Harvesting has commenced on his oldest Adam fig orchard, of which two-thirds go to Woolworths and the balance, primarily the smaller figs, to the Tshwane fresh produce market, supplying independent greengrocers in Pretoria.

His path to figs was circuitous: initially he had established Protea orchards for the cut-flower industry but a neighbour’s wayward firebreak destroyed much of their Proteas and they were forced to look for a replacement crop. This was about a decade ago and he was considering either pomegranates or figs.

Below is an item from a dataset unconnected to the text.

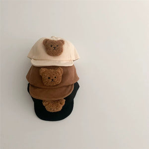 Un accessorio irresistibile per i più piccoli! Questo cappellino in tessuto a costine è decorato con un dolcissimo orsetto in peluche 3D applicato sul davanti. Perfetto per aggiungere un tocco tenero e stiloso a qualsiasi outfit.

The harvest team with crates of Adam figs

Meanwhile, from a neighbour’s Adam fig tree in the mining town of Rustenburg he had made 80 cuttings and planted them out in his heavy clay soil. The Adam fig is one of the oldest cultivars grown in South Africa, akin to the Black Genoa. Stef Papendorf invited well-known horticulturalist Keith Wilson to his farm to advise him on pomegranates. When the latter saw the six month-old trees, he told him forget pomegranates, go for figs, as the soil is too heavy for pomegranates anyway.

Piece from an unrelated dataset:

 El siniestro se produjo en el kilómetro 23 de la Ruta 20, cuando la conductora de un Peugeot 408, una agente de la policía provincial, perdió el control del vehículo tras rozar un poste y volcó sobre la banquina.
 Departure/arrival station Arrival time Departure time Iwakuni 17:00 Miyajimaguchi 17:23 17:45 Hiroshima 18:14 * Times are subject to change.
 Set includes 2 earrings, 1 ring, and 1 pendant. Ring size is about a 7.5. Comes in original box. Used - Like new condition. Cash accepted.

He started his fig farming with the purple Adam fig, taking cuttings from his oldest orchard to establish more orchards. Today he has 5,000 fig trees, mostly Adam and Deanna, with some White Kadota just for jam-making. 

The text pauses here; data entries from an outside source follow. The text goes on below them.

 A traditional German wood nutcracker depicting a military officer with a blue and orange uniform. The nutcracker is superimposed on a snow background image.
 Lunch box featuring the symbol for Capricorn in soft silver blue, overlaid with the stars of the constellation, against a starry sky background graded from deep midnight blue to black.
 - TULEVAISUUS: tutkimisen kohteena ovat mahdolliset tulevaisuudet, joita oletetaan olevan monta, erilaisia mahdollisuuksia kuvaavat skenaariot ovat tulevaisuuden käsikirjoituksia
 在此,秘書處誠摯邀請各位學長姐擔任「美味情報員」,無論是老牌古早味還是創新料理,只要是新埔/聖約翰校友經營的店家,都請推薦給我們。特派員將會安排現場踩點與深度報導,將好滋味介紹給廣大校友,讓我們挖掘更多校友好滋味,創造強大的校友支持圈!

There isn’t much expansion in figs in the north of South Africa – countrywide there’s just 200ha under figs, by some estimates, concentrated in the Western Cape – and Stef wants to do it a bit differently. He explains his decision to stake his new expansion on the Deanna fig, a cultivar developed at the University of California. “Everyone is planting the purple fig, the Parisienne and Ronde de Bordeaux, but Europeans are crazy about the large, green, sweet fig. I don’t want to plant what everyone else is planting, I’m focusing on the white fig.”

These Deanna trees were planted in February 2017

The Deanna has a leathery skin, which opens up the possibility of exports. The UK market would be an obvious choice for South African figs. He planted 1,200 Deanna trees about a year ago and the trees are true to their reputation of vigour. Their yield is also reputedly particularly high, as much as seven times that of the Adams fig and in trials in Citrusdal it has produced three times more than White Genoa.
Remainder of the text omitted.